_Provided data_
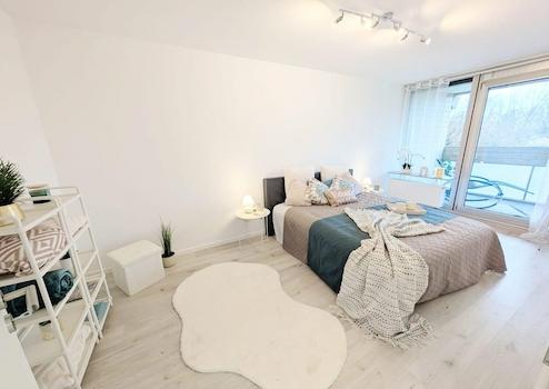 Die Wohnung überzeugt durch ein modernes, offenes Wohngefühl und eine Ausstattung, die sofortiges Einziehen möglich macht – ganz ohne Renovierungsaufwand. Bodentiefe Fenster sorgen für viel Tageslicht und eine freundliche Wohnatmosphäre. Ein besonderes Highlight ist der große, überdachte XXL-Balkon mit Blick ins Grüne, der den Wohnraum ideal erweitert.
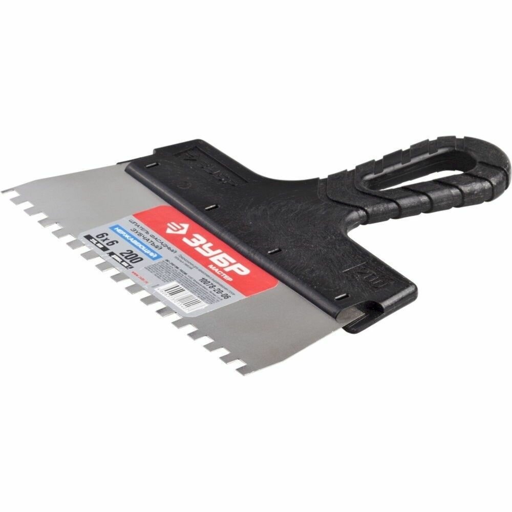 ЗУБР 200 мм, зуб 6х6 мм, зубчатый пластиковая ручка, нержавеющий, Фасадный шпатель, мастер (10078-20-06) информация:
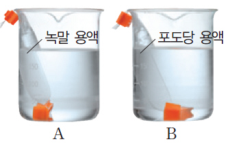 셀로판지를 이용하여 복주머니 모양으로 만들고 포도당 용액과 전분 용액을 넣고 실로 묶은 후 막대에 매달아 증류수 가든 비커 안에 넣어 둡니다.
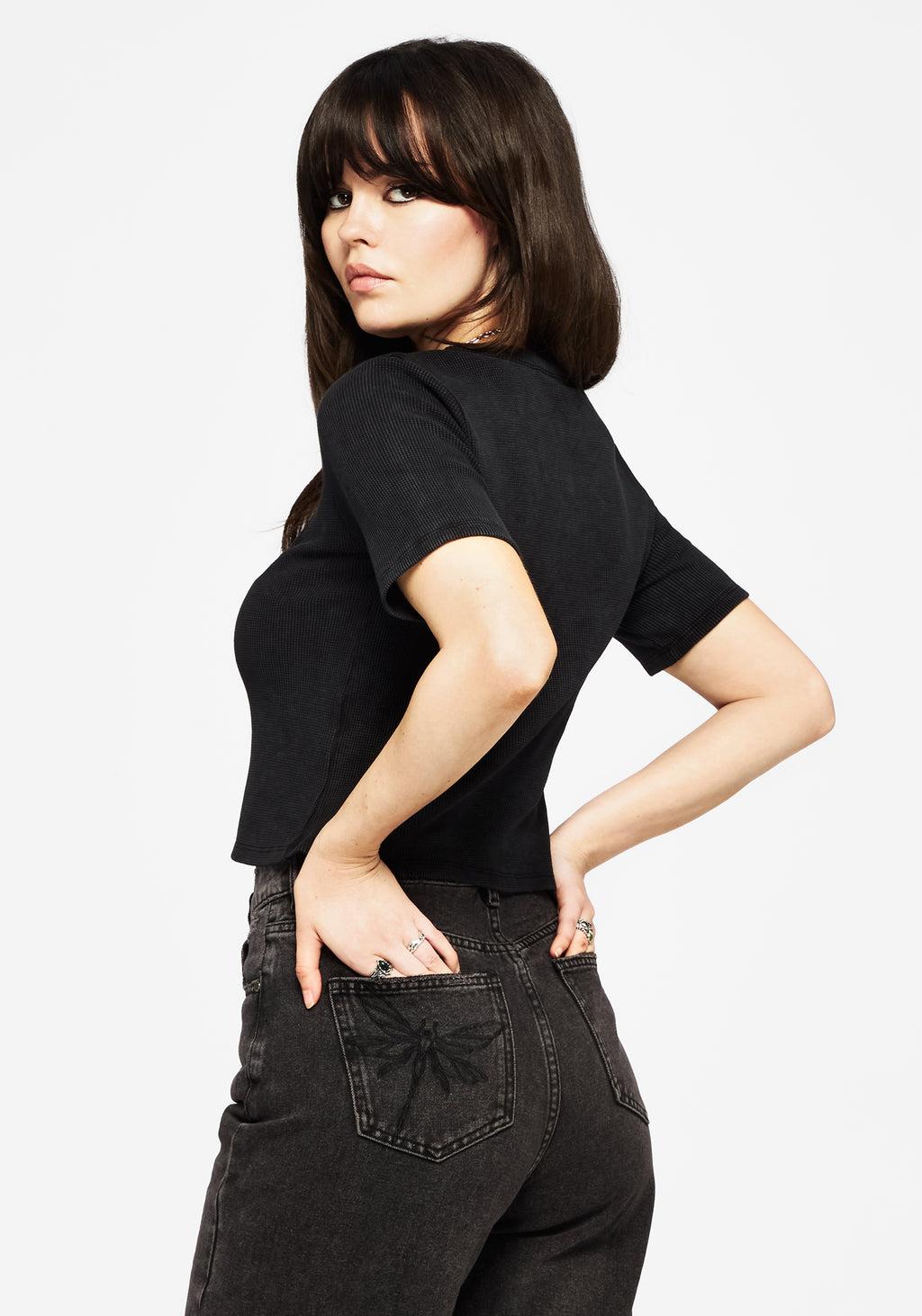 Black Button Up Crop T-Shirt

...

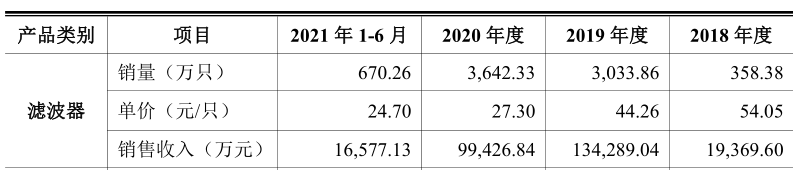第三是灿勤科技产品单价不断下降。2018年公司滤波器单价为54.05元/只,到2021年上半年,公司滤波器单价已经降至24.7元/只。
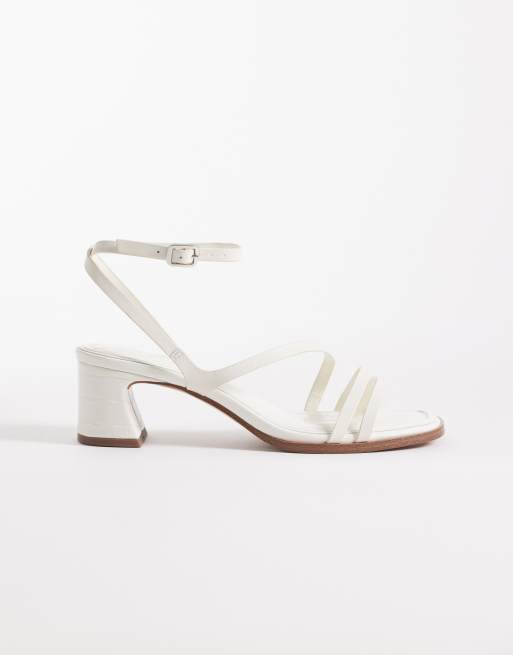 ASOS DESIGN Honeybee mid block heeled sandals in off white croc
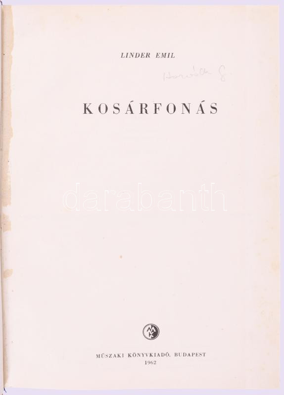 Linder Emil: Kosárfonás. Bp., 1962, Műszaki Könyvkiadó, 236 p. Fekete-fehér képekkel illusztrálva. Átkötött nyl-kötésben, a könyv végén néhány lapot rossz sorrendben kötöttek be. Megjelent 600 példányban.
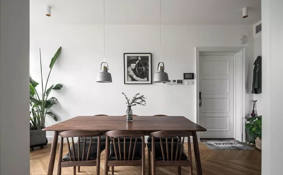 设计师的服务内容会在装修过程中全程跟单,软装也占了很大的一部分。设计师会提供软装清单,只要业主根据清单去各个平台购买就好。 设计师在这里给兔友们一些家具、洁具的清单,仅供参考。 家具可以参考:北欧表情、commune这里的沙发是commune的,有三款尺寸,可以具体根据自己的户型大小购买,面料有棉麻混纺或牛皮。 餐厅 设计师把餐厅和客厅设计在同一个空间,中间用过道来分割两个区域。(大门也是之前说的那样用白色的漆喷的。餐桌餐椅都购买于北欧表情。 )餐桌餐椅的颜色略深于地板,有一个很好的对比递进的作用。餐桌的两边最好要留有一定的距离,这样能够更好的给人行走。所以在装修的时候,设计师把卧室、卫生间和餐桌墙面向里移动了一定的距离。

_Brief_
Respond with the exact lines above running from the one containing "Die Wohnung überzeugt" to the one containing "Black Button Up Crop T-Shirt", both ends kept and no pictures included.

_Exercise response_
 Die Wohnung überzeugt durch ein modernes, offenes Wohngefühl und eine Ausstattung, die sofortiges Einziehen möglich macht – ganz ohne Renovierungsaufwand. Bodentiefe Fenster sorgen für viel Tageslicht und eine freundliche Wohnatmosphäre. Ein besonderes Highlight ist der große, überdachte XXL-Balkon mit Blick ins Grüne, der den Wohnraum ideal erweitert.
 ЗУБР 200 мм, зуб 6х6 мм, зубчатый пластиковая ручка, нержавеющий, Фасадный шпатель, мастер (10078-20-06) информация:
 셀로판지를 이용하여 복주머니 모양으로 만들고 포도당 용액과 전분 용액을 넣고 실로 묶은 후 막대에 매달아 증류수 가든 비커 안에 넣어 둡니다.
 Black Button Up Crop T-Shirt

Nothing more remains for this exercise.